I hope this may help you to make some of the most tender brisket and juicy too. When I slice my brisket, I cut it against the grain so it is tender and not chewy. I will place the brisket and pour some of the juices over it to keep it moist. If you take this to a friends house, please make sure you set some aside for yourself before you leave as there will be no left overs. 

Here is a site that goes over brisket in detail and where I picked up a lot of useful info. I cannot remember if I ran across this site here on PFF or not, but this has helped me to become the king of brisket in my neck of the woods. 
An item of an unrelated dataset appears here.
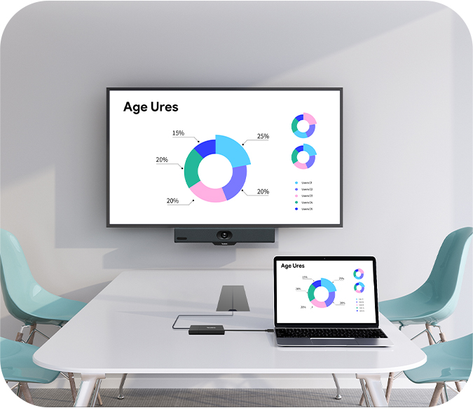 MeetingBar A10 creates a plug-and-share experience with the WPP30 presentation pod. Plug the WPP30 into your laptop to share content wirelessly without configuring anything.
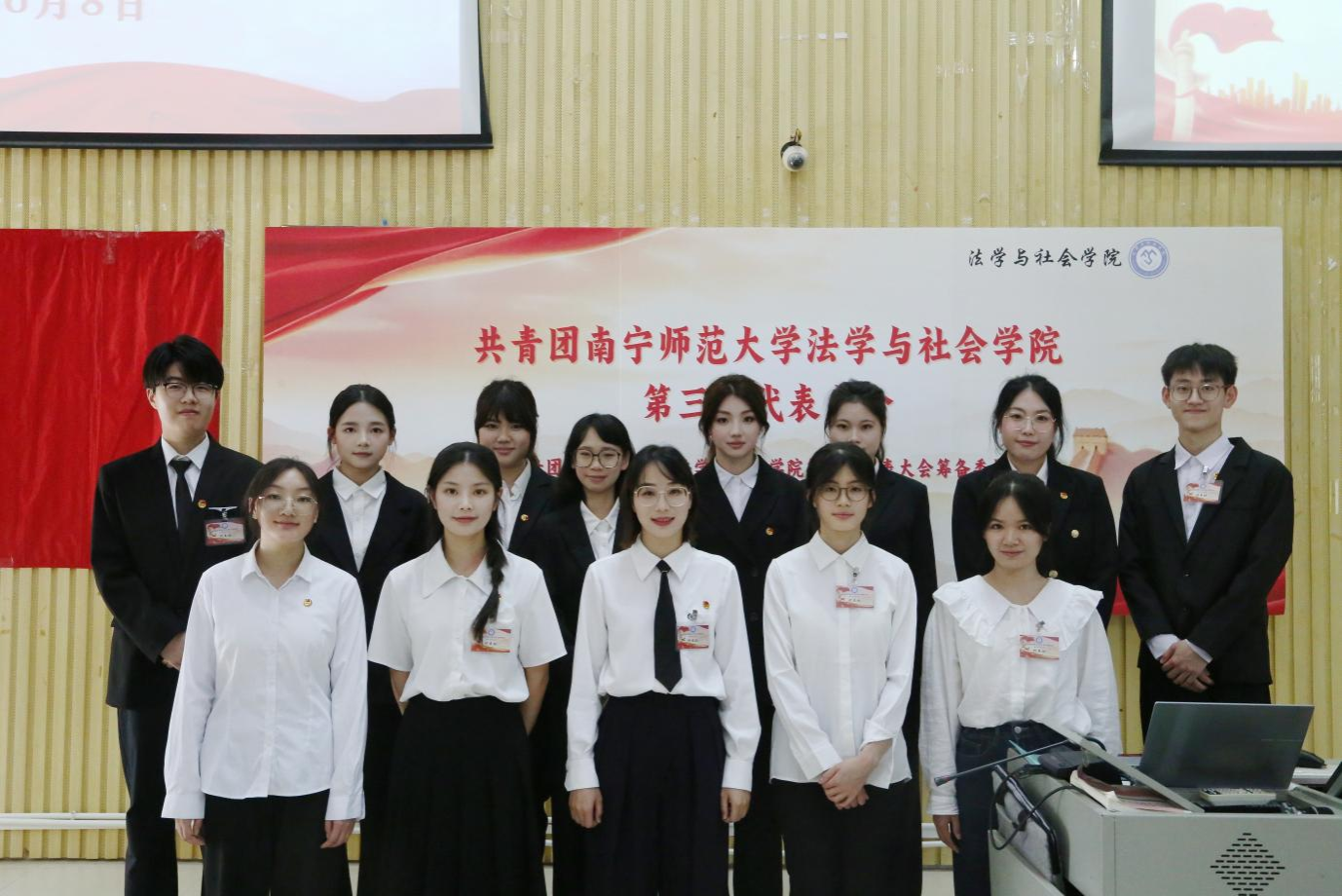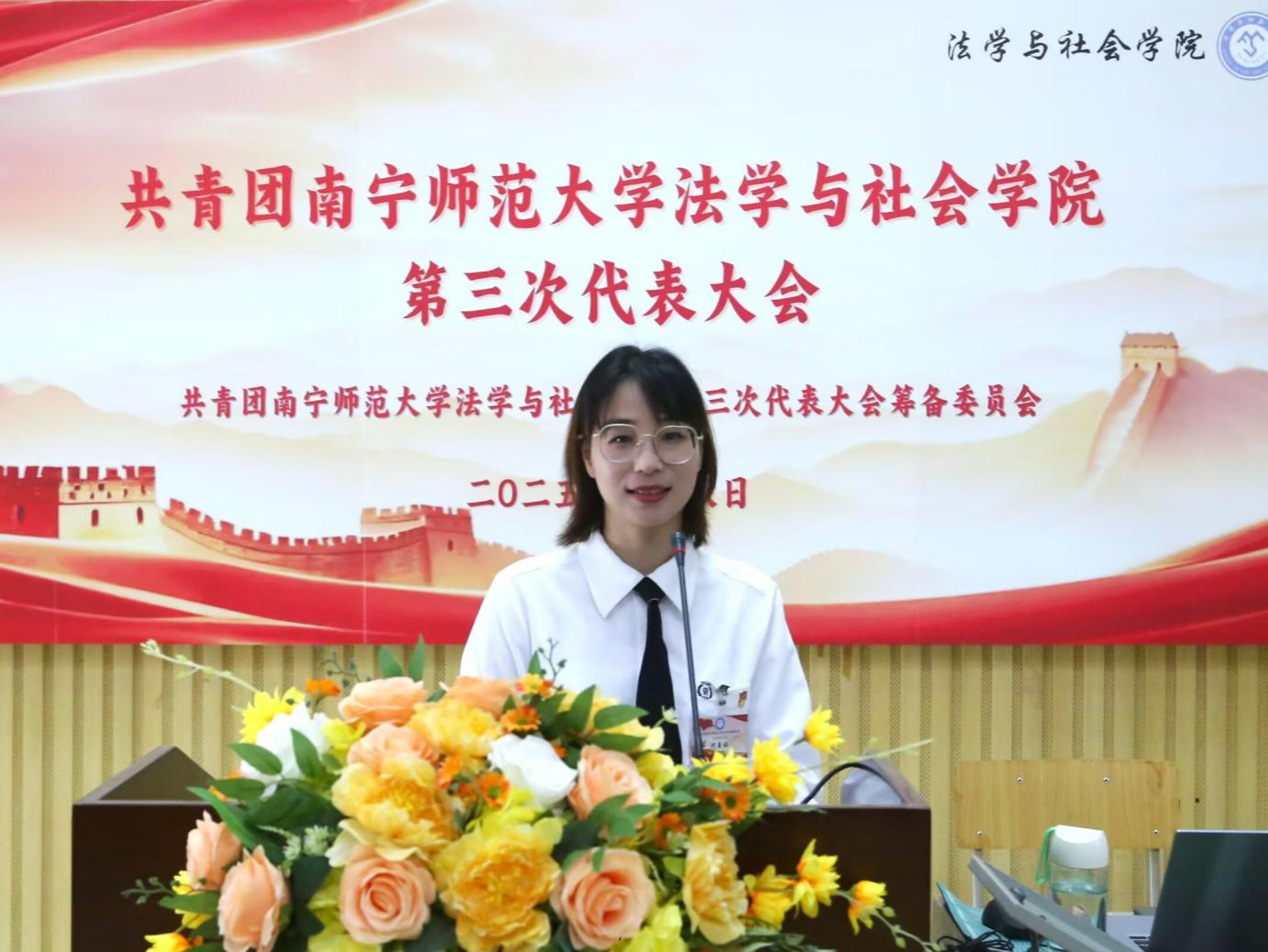 为贯彻落实《中国共产主义青年团章程》、《中国共产主义青年团基层组织选举规则》和《中国共产主义青年团普通高等学校基层组织工作条例》等有关规定,法学与社会学院团委于2025年6月8日上午在五合校区综合楼107教室举行共青团南宁师范大学法学与社会学院第三次代表大会。学校团委书记区丽媛老师、学院党委书记许建老师、学院党委副书记张建梅老师,学院团委书记农云霞老师和学院辅导员邓雅文老师出席了本次大会,参加本次大会的正式代表有195人。

http://www.amazingribs.com/recipes/beef/texas_brisket.html


----------



## Flounder Hounder (Nov 9, 2008)

That sounds great! Thanks for sharing.


----------



## Sushi maker (Jun 3, 2010)

Gaff, I have always had my ole stand by marinade and rub I did the foil broth to 205 this week it was over the top! thanks...


----------



## marmidor (Mar 15, 2008)

I wrap all my meat (that's what she said haha) but really I wrap everything I put on the smoker after 3 hours. Sounds like a great rub that you use. I will give it a go! Thanks for posting!


----------



## Gaff (Jan 20, 2012)

I hope you all make some brisket this holiday. I wish could but the man says I gotta work. Oh well, they'll be plenty of food and beer when I get home.


----------



## Greenjeans (Jul 6, 2008)

Sounds great. I will try it. I love cooking on my smoker but last brisket I did didnt turn out right. Whats the chance of you telling me how you do your habenero sauce?


----------



## Gaff (Jan 20, 2012)

Slim to none. 

Pretty easy actually. I prefer the red habaneros because I like the taste a lot more over the orange ones. First i cook them in a small convection oven for about 30 minutes at 200 degrees. This will bring out the heat from the pepper. You can also roast them or put them in the oven. I then just pull off the stem and put them in a food processor with seeds still inside. I add salt, pepper, squeeze half a lime, and add just enough vinegar till I get the right consistency. I just add a little vinegar at first and add as needed while in the food processor. I usually have it in there for about 5 minutes to get it really smooth. I don't like my hot sauce runny or vinagery like tobasco, I make it so it run pour smoothly from a bottle but not too thick where it is difficult to come out. My sauce will last months if kept in the fridge the whole time. I have added a little onion and garlic but I found out that you need to add more vinegar to get the right consistency. You can dabble with the ingredients till you get it the right way that you prefer. I just bought a pound of red habaneros last Friday and it yielded quite a bit of hot sauce, about 18 ounces or so. I like to pour my hot sauce into old hot sauce bottles, but get one that has a big opening so it pour out easily or you can out it in a old mason jar and spoon it out. 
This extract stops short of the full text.